Castelar de Carvalho (UFRJ, ABF)

Introdução

Como ensina Saussure, os fatos de uma língua podem ser estudados


sob dois pontos de vista: o do funcionamento (sincronia) e o da
evolução (diacronia). O estudo diacrônico compreende a história
externa (evolução sociolingüística) e a história interna, ou seja, a
evolução estrutural da língua em seus aspectos fonológicos e
morfossintáticos. No caso do português, uma língua românica, esse
estudo deve ter como ponto de partida a distinção latim clássico/latim
vulgar. A partir dessa distinção fundamental, traçaremos uma síntese
da evolução histórica do nosso sistema gramatical, remontando ao
latim vulgar da Península Ibérica e às inovações introduzidas pelo
português arcaico (séculos XII ao XVI), até chegar ao português
moderno.

Latim Clássico / Latim Vulgar

A língua latina era uma só, mas, como ocorre em toda língua de
cultura, apresentava diversidade de realizações, constituindo um
diassistema em que se contrapunham dois níveis: o latim escrito e o
latim falado. Em termos lingüísticos, uma variante culta (sermo
nobilis) e uma variante coloquial-popular (sermo vulgaris ou usualis),
que corresponderiam respectivamente aos dois segmentos
fundamentais da sociedade romana: os patrícios e os plebeus.
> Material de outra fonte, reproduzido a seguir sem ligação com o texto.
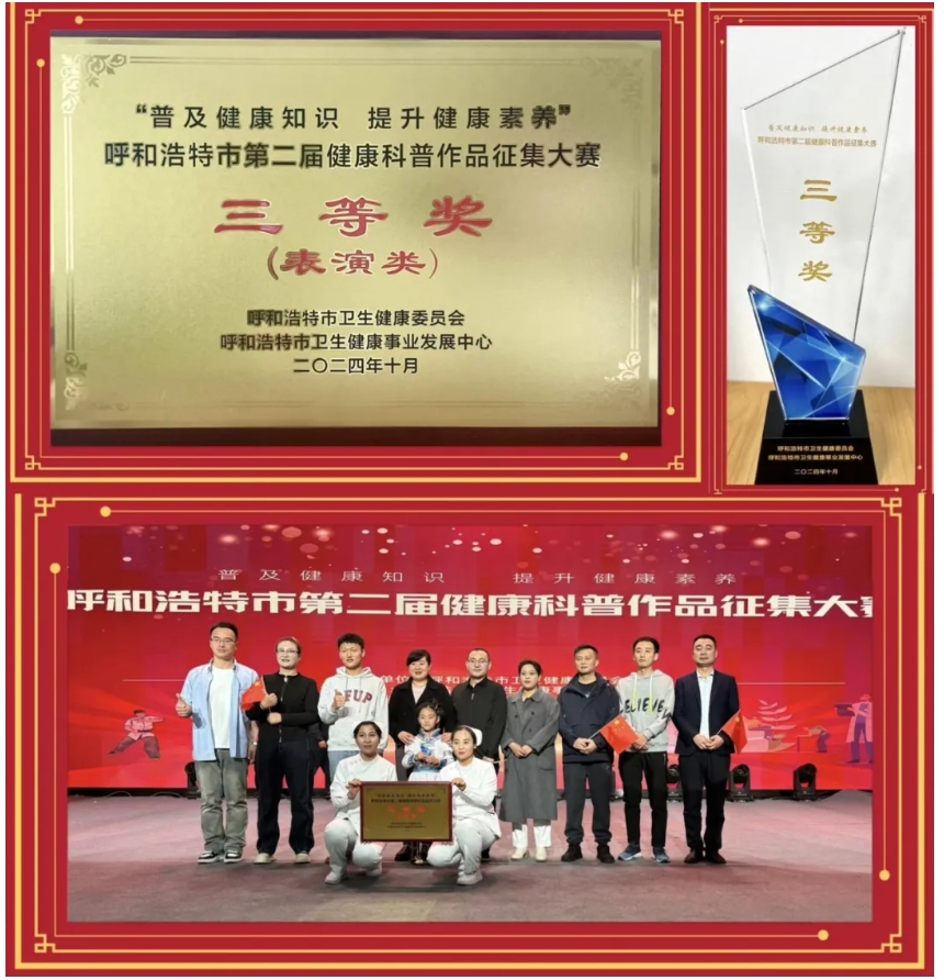 2024年10月29日,由中文黄色网站 护理部选送的原创健康科普情景剧作品《不会消失的爱》参加呼和浩特市卫生健康委主办的“普及健康知识 提升健康素养”呼和浩特市第二届健康科普作品征集大赛表演类作品展演大赛,在16支决赛队伍中脱颖而出,荣获表演类三等奖。

O sermo nobilis, regido pela disciplina gramatical, gozava de notável


unidade em todo o Império. Era a língua da escola, das letras, da
retórica, da política e das leis. Sua versão literária, estilizada, recebe
a denominação de latim clássico (LC), cujo período de esplendor vai
do século I a.C. ao I d.C. Nessa modalidade de língua é que foram
compostos os monumentos literários da prosa e da poesia latina,
representados pelas obras de Cícero, César, Horácio, Virgílio, Ovídio,
dentre outros escritores de relevo.

Estilisticamente, pautava-se o LC pelo apuro do vocabulário, correção


gramatical e elegância do estilo. Gramaticalmente, caracterizava-se
pela riqueza flexional e pelo sintetismo morfossintático. Possuía 5
declinações, 6 casos, 4 conjugações verbais e 3 gêneros (masc., fem.
e neutro). A oposição de quantidade (vogal longa/breve) era um
traço pertinente de seu sistema fonológico. Da preservação dessa
língua literária é que pôde ser depreendida a estrutura léxico-
gramatical do idioma dos romanos, hoje registrada nos dicionários e
gramáticas de latim e ensinada nas Faculdades de Letras.
O sermo vulgaris, o chamado latim vulgar (LV), por sua vez, era a
língua viva, falada cotidianamente não apenas pela plebe (como
sugere o inadequado adjetivo "vulgar"), mas na verdade por todos os
segmentos da sociedade romana, inclusive os usuários do sermo
nobilis, conforme deixa entrever a descrição de Quintiliano (I d.C.), a
qual faz referência a uma das modalidades desse tipo de língua:
“Sermone quotidiano – quo cum amicis, coniugibus, liberis, servis
loquamur” (XII, 10, 40) “falar cotidiano, por meio do qual falamos
com os amigos, cônjuges, filhos, escravos”.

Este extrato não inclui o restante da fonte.